Table 2. Exclusion and inclusion of the included studies.
Perspectives
Several small-scale population studies suggest that microbial community reconstruction through interventions such as VMS, oral administration of maternal vaginal microbes, and FMT may potentially improve the gut microbiota, gut metabolism, and even phenotypic outcomes in CS infants. The results of several VMS interventions have shown inconsistent findings, with the predominant bacteria in the infant gut not being derived from the vaginal microbiota. This suggests that the influence of vaginal microbiota on newborns may be indirect. In contrast, administrating mother’s feces showed more direct effects in restoring the gut dysbiosis in CS infants. However, it is unclear if the adult microbiota is compatible for their infants regarding early-life development. Whether using the gut microbiota from VD infants as donors to restore CS infants’ dysbiosis remains an interesting question. Overall, based on the positive findings from the existing studies, it is warranted for further research with expanded sample sizes in human populations, as well as investigations into the underlying mechanisms involved.

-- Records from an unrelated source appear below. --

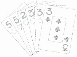 6. 玲玲手里拿着几张扑克牌(如右图),让琪琪闭上眼睛,从中任意抽取一张,琪琪可能抽到( )种不同数字的扑克牌,抽到数字( )的可能性最大,抽到数字( )的可能性最小。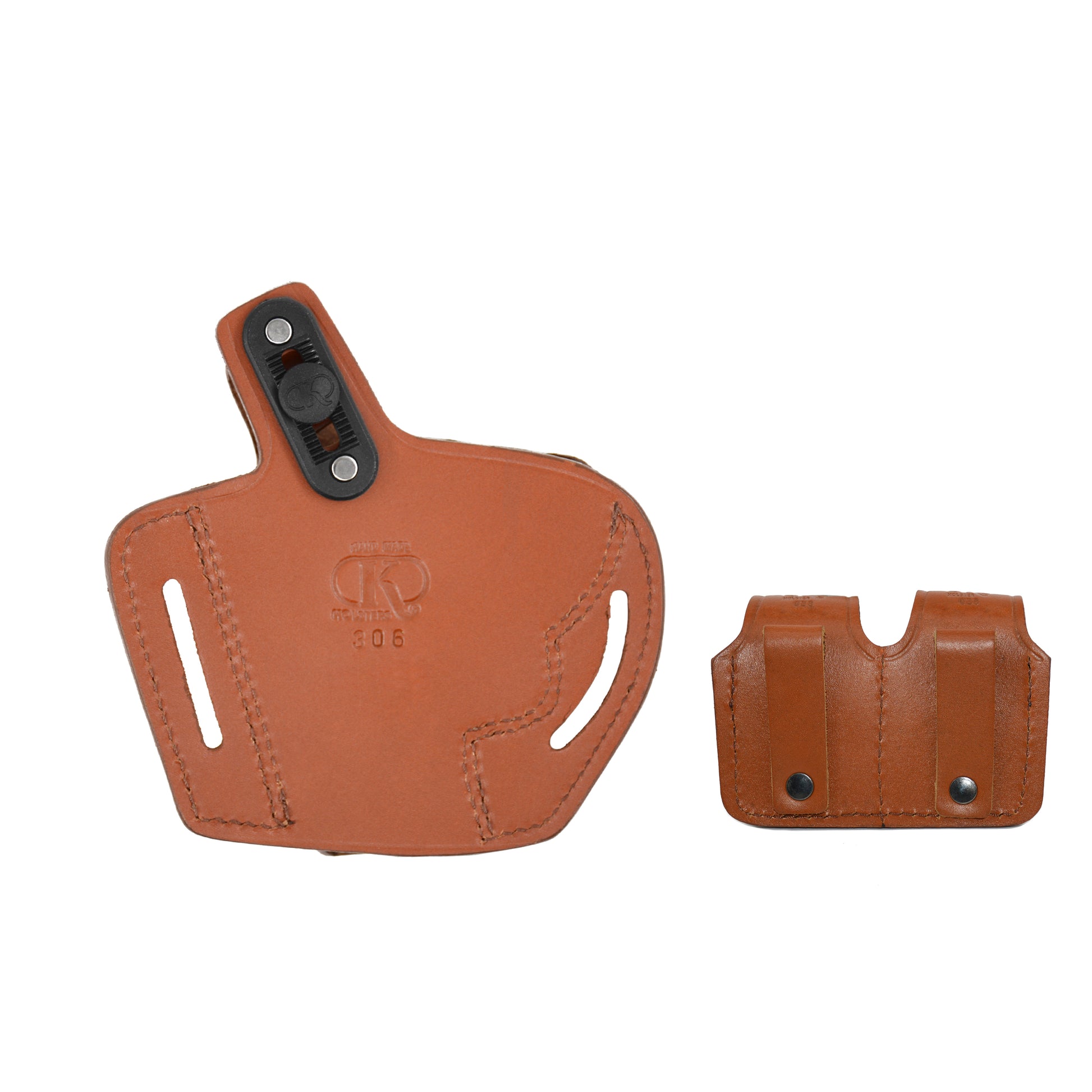 - Premium genuine cowhide leather belt retention holster excellent for open carry. The molded leather gives a snug fit with no rattle or movement.
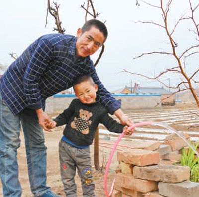 36岁的西吉县兴平乡团结村村民王五旦和儿子展示自来水。本报记者 禹丽敏摄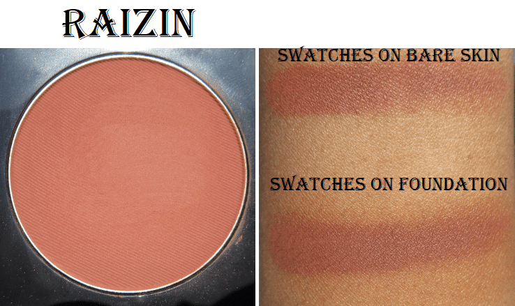 When searching for blushes best suited for dark skintones, Raizin was the most suggested shade I saw. It is a golden reddish-brown matte and very pigmented. I dipped my brush into the pan once and this is the amount of color that was deposited onto my cheek. With just one application!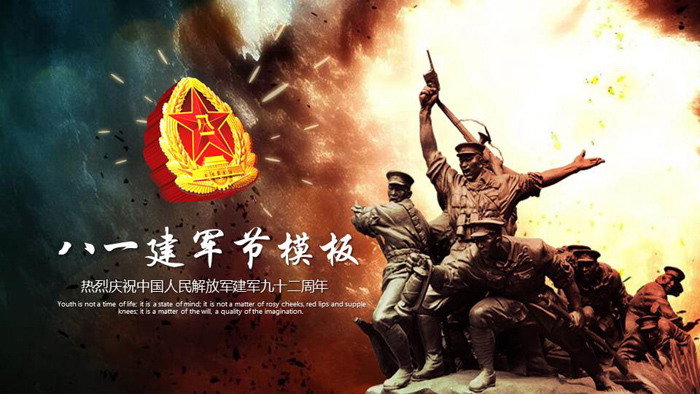 幻灯片模板使用了硝烟弥漫的战场图片作为背景。PPT模板封面放置了军队雕塑与八一军徽作为背景图片。

Currently, several large-scale clinical trials are underway. For example, one clinical trial in the United States (NCT03298334) is investigating the effects of swabbing vaginal fluid on health outcomes in CS infants over a three-year period, including microbial development, immune development, metabolic outcomes, and any adverse events. A French clinical trial (NCT02567071) is evaluating the effect of a seeding method, in which newborns suck on gauze soaked in maternal perineal and vaginal secretions after cesarean delivery, on the infant gut microbiota diversity and their health status during the first year after birth. Additionally, a Finnish clinical trial (NCT04173208) is assessing the influence of FMT on the trajectory of gut microbiota development during the first year after birth, as well as evaluating markers of atopic-related diseases and changes in immunomarkers. These larger-scale studies will provide stronger evidence to help guide potentially implementation of these techniques in clinical usage. Mechanism studies are also warranted to understand the microbiota succession, development and their impact on infant phenotypes to help develop more precise interventions.
Author contributions
Y.H and R.H.X provided direction and guidance throughout the preparation of this manuscript. S.N.L collected and interpreted studies and was a major contributor to the writing and editing of the manuscript. X.X.L reviewed and made significant revisions to the manuscript. L.P.Z collected studies. All authors read and approved the final manuscript.
Acknowledgments
We express our gratitude to the participants and their families who contributed to this study. We also extend our appreciation to the funding agencies whose support made this research possible. Specifically, we acknowledge the National Key R&D Program of China (2019YFA0802301 [to Y.H.]) and the National Natural Science Foundation of China (NSFC82022044 [to Y.H.] and NSFC82272391 [to Y.H.]). Their contributions were instrumental in advancing our research endeavors.
Disclosure statement
No potential conflict of interest was reported by the author(s).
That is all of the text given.